Problem to solve: Print each record below precisely, with every picture left out of the copy.

Available data:
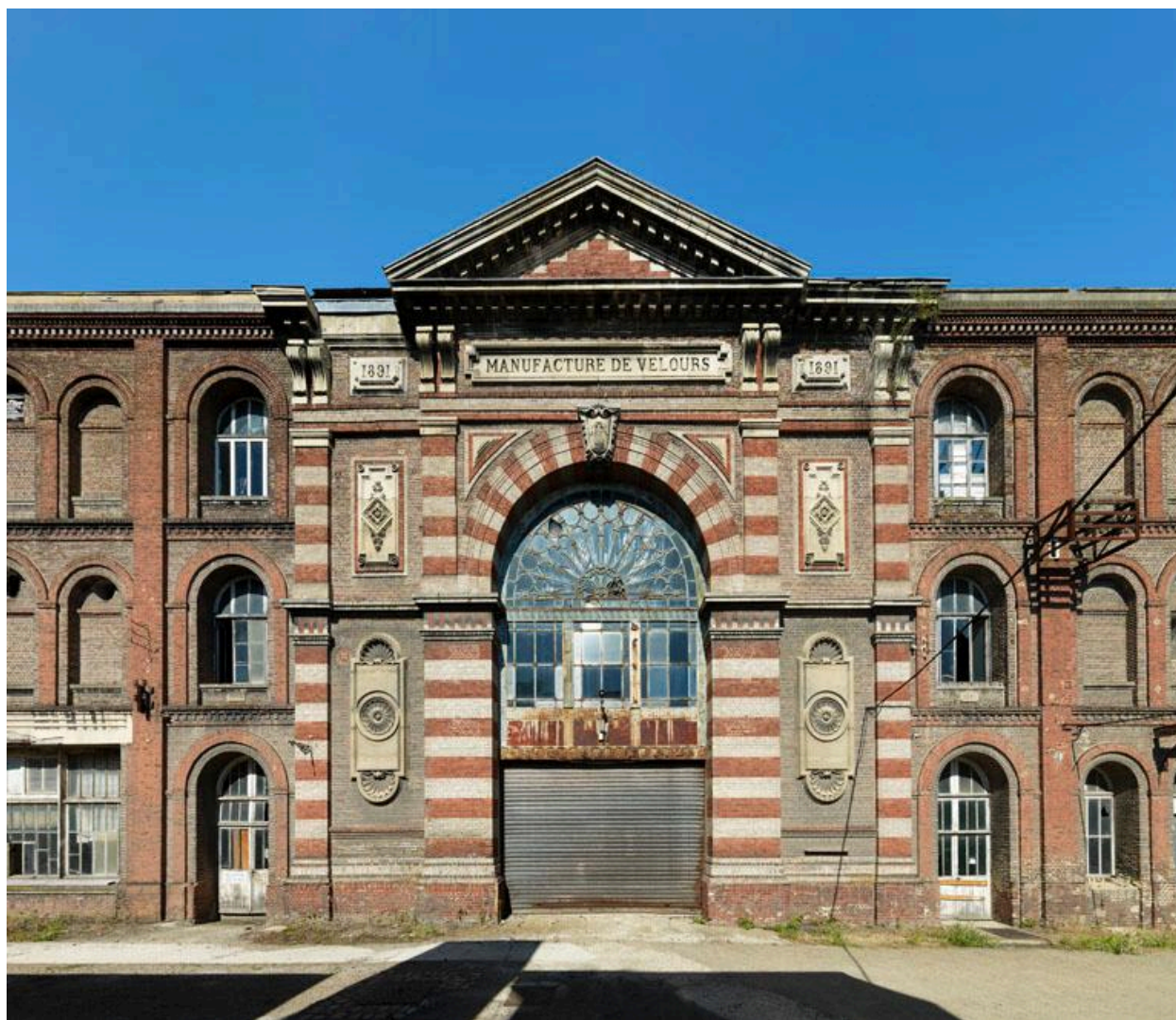
AMIENS. Ancien tissage de toiles et de velours, dit manufacture de velours Cosserat - Façade de la salle des machines.
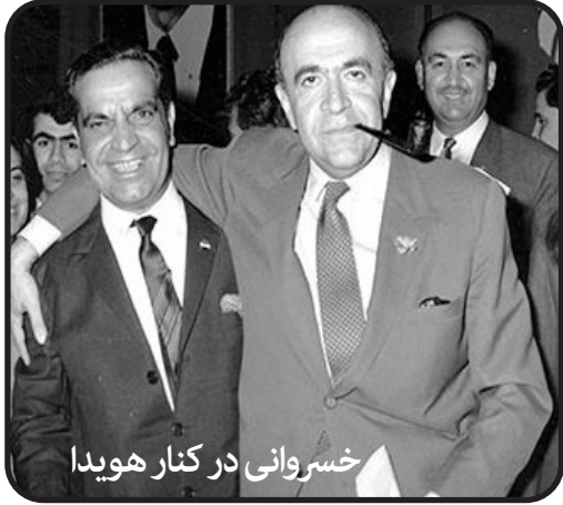
خسروانی در کنار هویدا

جریان حوادث منجر به کودتای ۲۸ مرداد۱۳۳۲ به خوبی حس کرده بود، علاوه بر بحران اقتصادی فراگیر در کشور، احتمال خطر دربار را نیز گوشزد می کرد و با راهنمایی و ارشاد حامی قدرتمند خود یعنی آمریکا تصمیم گرفت دست به انجام اصلاحات بزند. آمریکا از رژیم وابسته به خود می خواست که دست به تحول فربکارانه بزند و اصلاحاتی را شروع کند که توده های کارگر و دهقان راضی شوند؛ آنها را سرگرم سازد و شعارهای کاذب را رواج دهند. این شعارها در حدود زمین برای دهقانان و آسایش و رفاه برای کارگران باشد تا از قهر انقلابی جلوگیری کند.
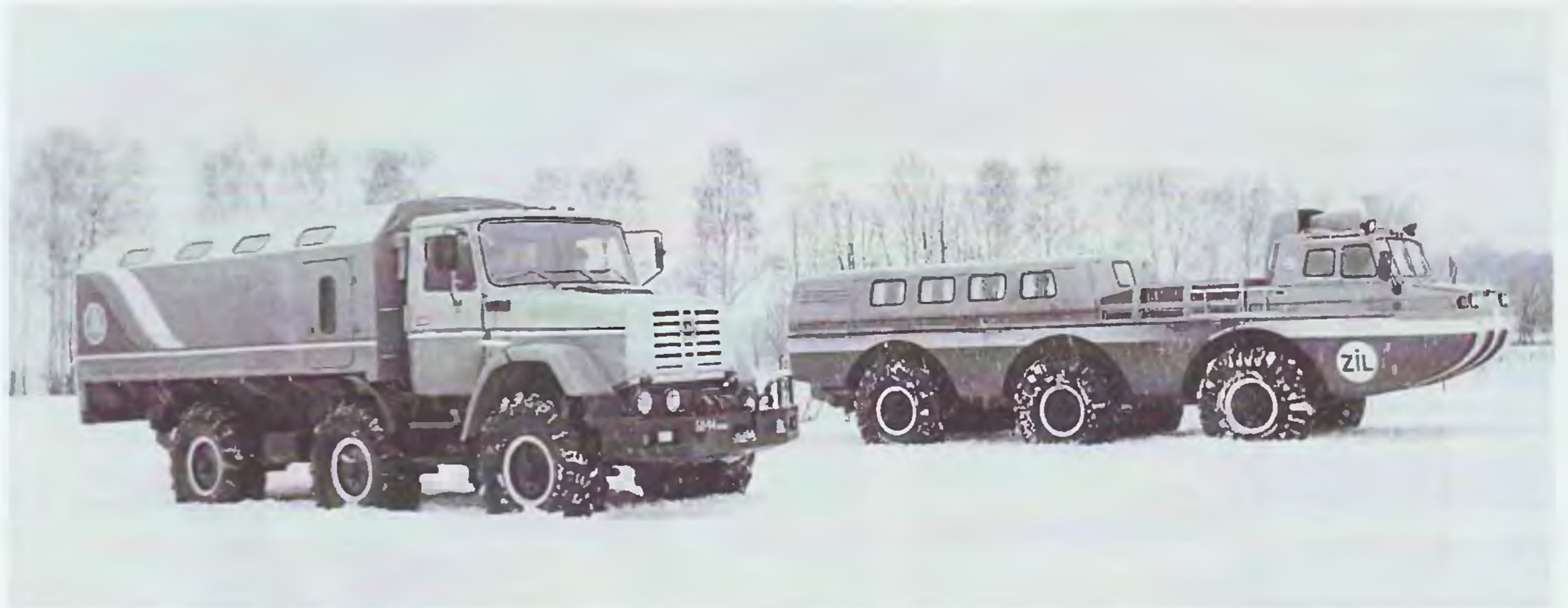
ЗИЛ-4972 и ЗИЛ-49061

Другим не менее интересным проектом конверсии оборонного отдела стала работа над вилочным погрузчиком ЗИЛ-4057. Используя агрегаты от серийных автомобилей ЗИЛ-130 и ЗИЛ-131, в ОГК-СКБ ЗИЛ создано семейство вилочных погрузчиков, оснащенных бензиновым, газовым или дизельными двигателями, оригинальной реверсивной коробкой передач, спроектированной на базе коробки передач ЗИЛ-130, и доработанным ведущим мос-

Written reply:
AMIENS. Ancien tissage de toiles et de velours, dit manufacture de velours Cosserat - Façade de la salle des machines.
خسروانی در کنار هویدا

جریان حوادث منجر به کودتای ۲۸ مرداد۱۳۳۲ به خوبی حس کرده بود، علاوه بر بحران اقتصادی فراگیر در کشور، احتمال خطر دربار را نیز گوشزد می کرد و با راهنمایی و ارشاد حامی قدرتمند خود یعنی آمریکا تصمیم گرفت دست به انجام اصلاحات بزند. آمریکا از رژیم وابسته به خود می خواست که دست به تحول فربکارانه بزند و اصلاحاتی را شروع کند که توده های کارگر و دهقان راضی شوند؛ آنها را سرگرم سازد و شعارهای کاذب را رواج دهند. این شعارها در حدود زمین برای دهقانان و آسایش و رفاه برای کارگران باشد تا از قهر انقلابی جلوگیری کند.
ЗИЛ-4972 и ЗИЛ-49061

Другим не менее интересным проектом конверсии оборонного отдела стала работа над вилочным погрузчиком ЗИЛ-4057. Используя агрегаты от серийных автомобилей ЗИЛ-130 и ЗИЛ-131, в ОГК-СКБ ЗИЛ создано семейство вилочных погрузчиков, оснащенных бензиновым, газовым или дизельными двигателями, оригинальной реверсивной коробкой передач, спроектированной на базе коробки передач ЗИЛ-130, и доработанным ведущим мос-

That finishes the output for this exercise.